Transitional Probabilities

Note

wordseg.algo.tp in python, wordseg-tp in bash.

Transitional Probabilities word segmentation

wordseg.algos.tp.segment(text, train_text=None, threshold='relative', dependency='ftp', log=<RootLogger root (WARNING)>)[source]

Returns a word segmented version of text using the TP algorithm

The parameters text and train_text must be formatted as follows: A

sequence of lines with syllable (or phoneme) boundaries marked by spaces and no word boundaries. Each line in the sequence corresponds to a single and complete utterance

Parameters
  • text (sequence) – The text to segment into words

  • train_text (sequence, optional) – The text used to train model on (estimation of transition probabilities).
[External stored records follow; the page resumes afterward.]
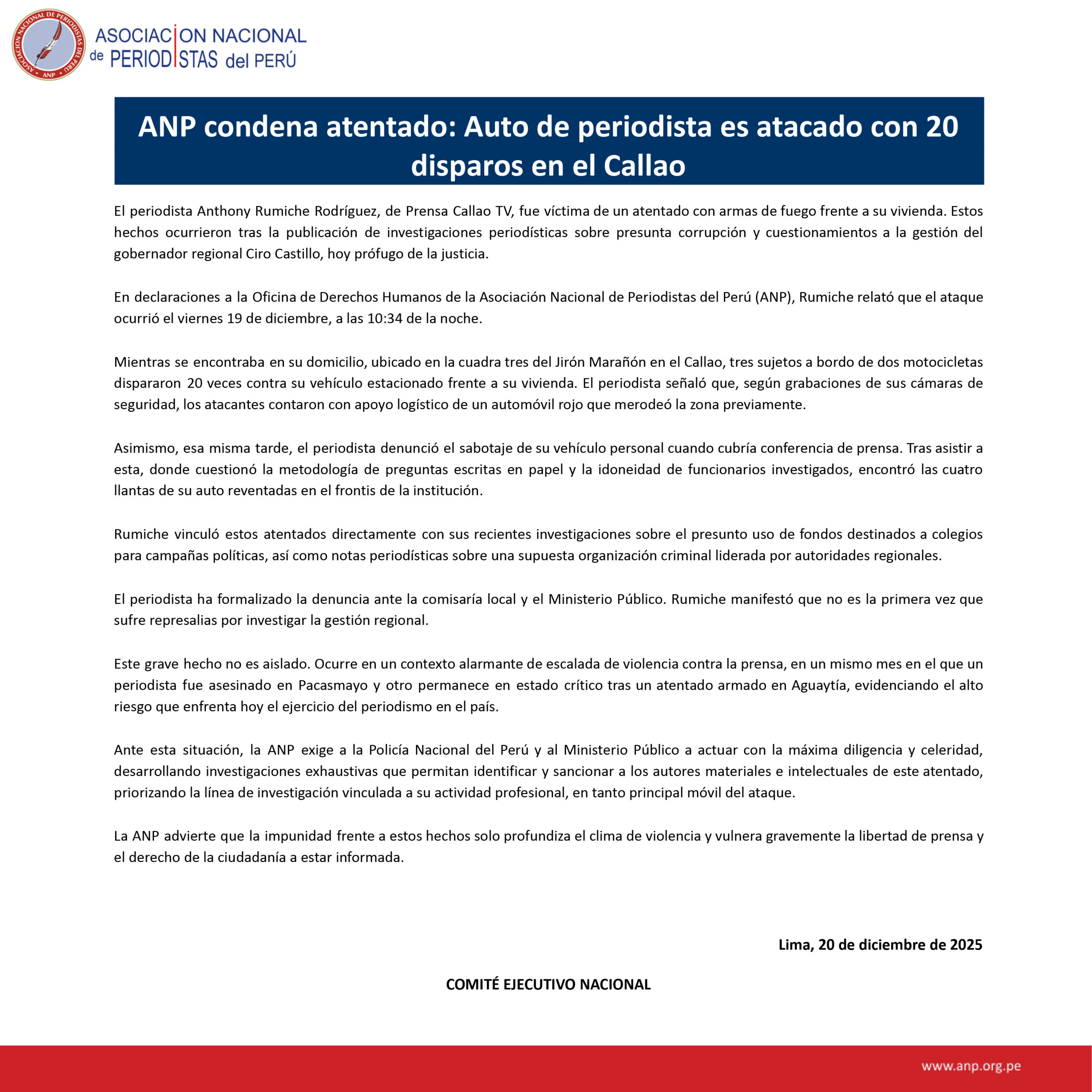 El periodista Anthony Rumiche Rodríguez, de Prensa Callao TV, fue víctima de un atentado con armas de fuego frente a su vivienda. Estos hechos ocurrieron tras la publicación de investigaciones periodísticas sobre presunta corrupción y cuestionamientos a la gestión del gobernador regional Ciro Castillo, hoy prófugo de la justicia.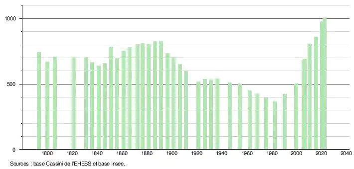 L'évolution du nombre d'habitants est connue à travers les recensements de la population effectués dans la commune depuis 1793. Pour les communes de moins de 10 000 habitants, une enquête de recensement portant sur toute la population est réalisée tous les cinq ans, les populations de référence des années intermédiaires étant quant à elles estimées par interpolation ou extrapolation[28]. Pour la commune, le premier recensement exhaustif entrant dans le cadre du nouveau dispositif a été réalisé en 2005[29].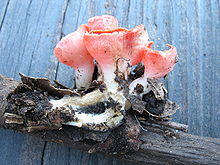 A saprobic species,[38] Sarcoscypha coccinea grows on decaying woody material from various plants: the rose family, beech, hazel, willow, elm, and, in the Mediterranean, oak.[39] The fruit bodies of S. coccinea are often found growing singly or clustered in groups on buried or partly buried sticks in deciduous forests.[16] A Hungarian study noted that the fungus was found mainly on twigs of European hornbeam (Carpinus betulus) that were typically less than 5 cm (2.0 in) long.[40] Fruit bodies growing on sticks above the ground tend to be smaller than those on buried wood. Mushrooms that are sheltered from wind also grow larger than their more exposed counterparts.[41] The fruit bodies are persistent and may last for several weeks if the weather is cool.[42] The time required for the development of fruit bodies has been estimated to be about 24 weeks, although it was noted that "the maximum life span may well be more than 24 weeks because the decline of the colonies seemed to be associated more with sunny, windy weather rather than with old age."[41] One field guide calls the fungus "a welcome sight after a long, desperate winter and ... the harbinger of a new year of mushrooming."[43]

If not specified use the text.

  • threshold (str, optional) – Type of threshold to use, must be ‘relative’ or ‘absolute’.

  • dependency (str, optional) – Type of dependency measure to compute, must be ‘ftp’ for forward transitional probability, ‘btp’ for backward transitional probability or ‘mi’ for mutual information.

  • log (logging.Logger, optional) – The logging instance where to send messages.

Returns

The utterances from text with estimated words boundaries.

Return type

list

Raises

ValueError – If threshold is not ‘relative’ or ‘absolute’. If dependency is not ‘ftp’, ‘btp’ or ‘mi’.